Taking their name from the Bridge of Weir family home where Ali grew up, fifteen miles west of Glasgow, the newly formed Dohnavúr released their debut album, You Can and You Shall — a joyously diverse collection, full of innovation and brimming with promise.

Just two weeks after its release in March 2020, the pandemic brought the world to a standstill. Resourceful as ever, Ali and Frazer sought out kindred spirits and labels. They found one in Castles in Space, who had put out a call for lockdown recordings for The Isolation Tapes — a release in aid of the Cavell Nurses Trust. Dohnavúr submitted "Surmonter" (French for Overcome), a long, paranoid, snarling mood piece that confused and delighted compiler Colin Morrison in equal measure. It was given pride of place as the opening track in the downloads section of the album, which went on to win Compilation of the Year at the Electronic Sound 2020 Awards.

Now, We Owe Each Other Everything continues to redefine the Dohnavúr method. Built once again from a new set of modular creations by Ali, and expertly shaped by Frazer in his Armadale studio, it's an extraordinarily diverse and exciting collection — cohesive yet wide-ranging, this is music that hits you directly in the heart and the solar plexus. It makes you feel things.

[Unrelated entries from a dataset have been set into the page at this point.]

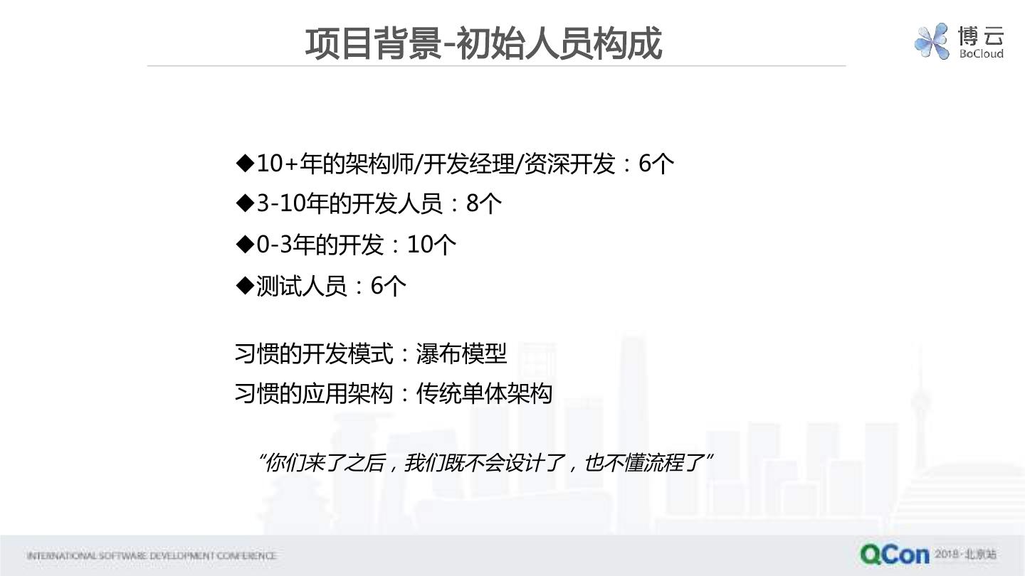 6 . 项目背景-初始人员构成 u 10+年的架构师/开发经理/资深开发:6个 u 3-10年的开发人员:8个 u 0-3年的开发:10个 u 测试人员:6个 习惯的开发模式:瀑布模型 习惯的应用架构:传统单体架构 “你们来了之后,我们既不会设计了,也不懂流程了”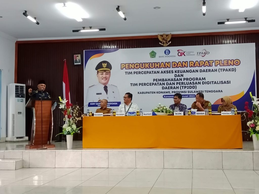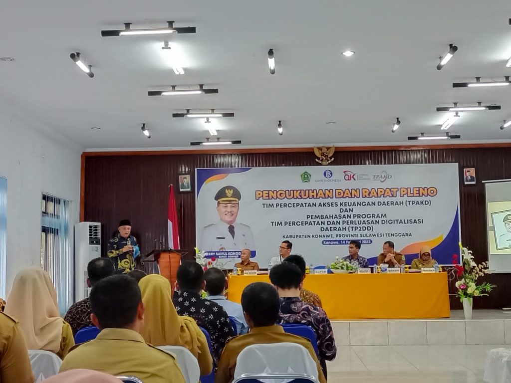 UNAAHA, SULTRAHEADLINE. COM. Bupati Konawe, Sulawesi Tenggara (Sultra) Kery Saiful Konggoasa (KSK) mengukuhkan Tim Percepatan Akses Keuangan Daerah (TPAKD) Kabupaten Konawe tahun 2023, di Aula BKPSDM Konawe, Selasa (14/02/2023).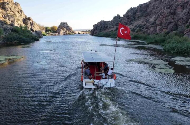 Kırıkkale'deki tarihi Çeşnigir Köprüsü, Kızılırmak üzerindeki tekne cinsleriyle ziyaretçilerin ilgisini çekiyor. Bozkır görüntüsü eşliğinde...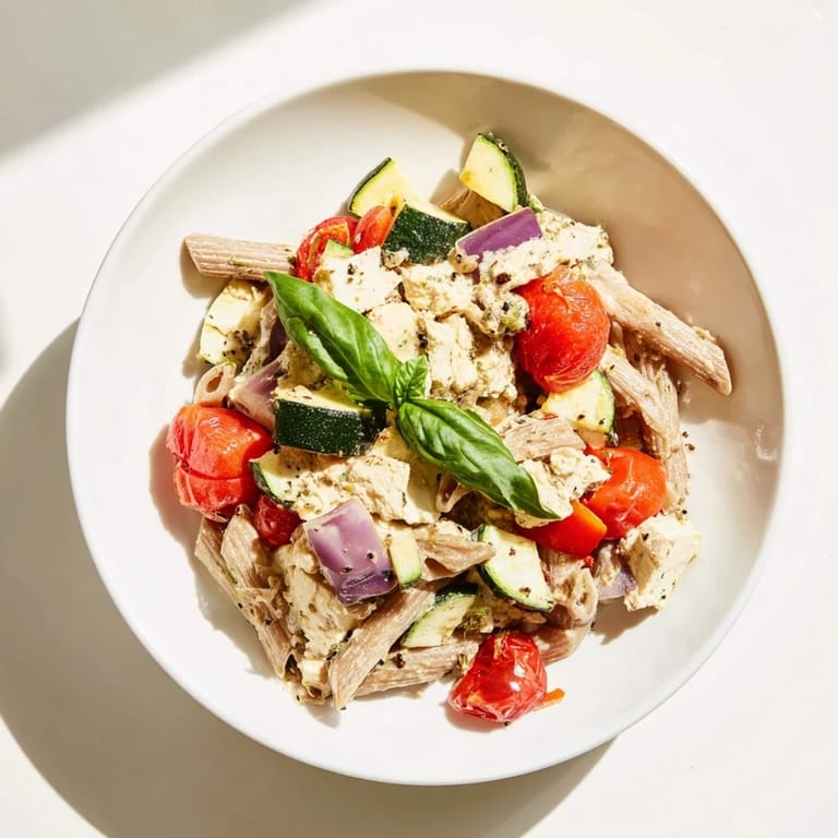 Whole-grain pasta has a rougher texture than refined pasta, which means sauce clings to it more effectively instead of sliding right off. There's also a subtle nuttiness that pairs beautifully with roasted vegetables and salty feta in a way that white pasta doesn't quite manage. If you've only ever made this with regular pasta, switching to whole grain will feel like a small revelation—you'll notice the sauce stays on every bite instead of settling at the bottom of your bowl.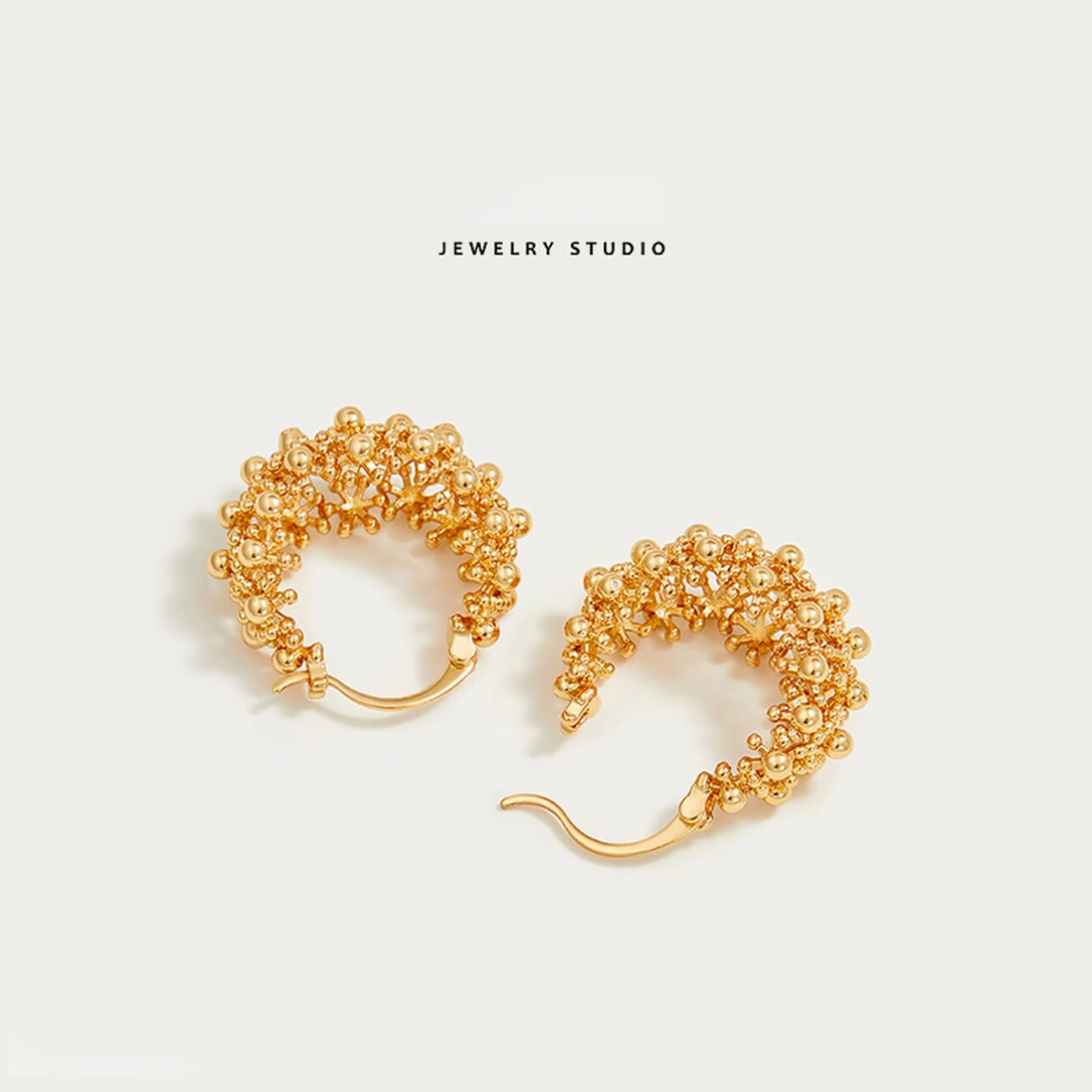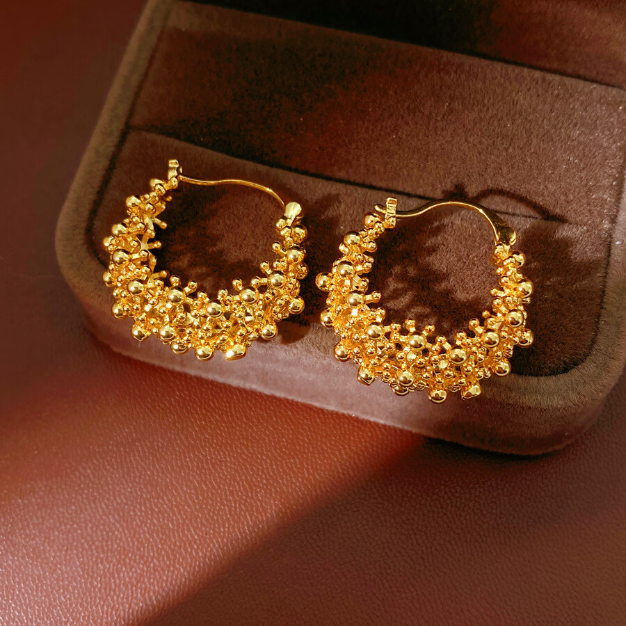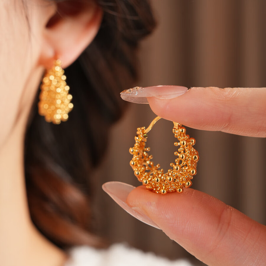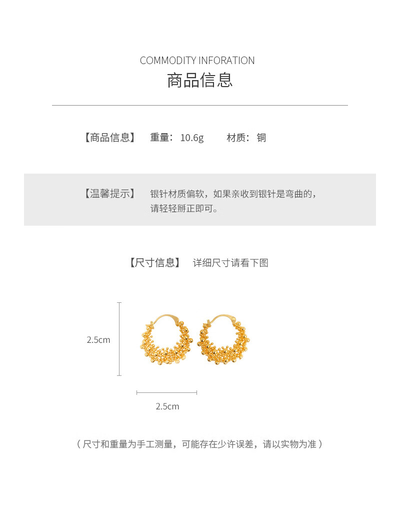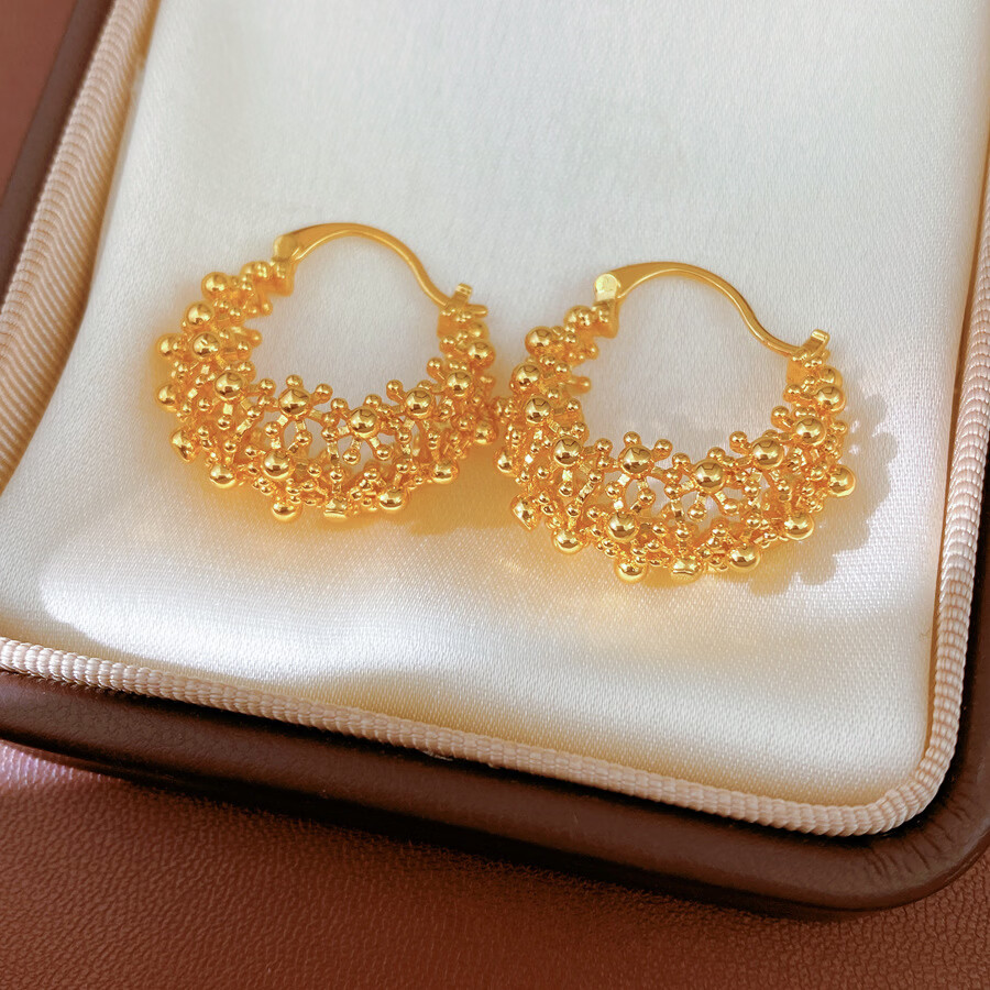 镂空圆形耳扣个性气质耳环轻奢高级感耳饰 气质金色

Side one opens with the sawtooth resonance of "Flowers in the Barrel", moves through the clattering momentum of "Ready for '91", and arrives at "Make It in Livingston" — a darkly ominous commentary on the new town where Frazer grew up. Side two delivers the haunting beauty of "Acetylene", the cinematic, eighties-inflected uplift of "Powerless", and closes with "Unwavering" — an emotional gut-punch featuring vocals from Emile Wauters (aka Autumna) that once heard will not be forgotten. This is Frazer in excelcis, doing that thing that only this music can do - elation and melancholy hand in hand.

We Owe Each Other Everything is Dohnavúr at their most powerful and assured: two musicians with a singular creative chemistry, making music that is impossible to categorise and impossible to ignore.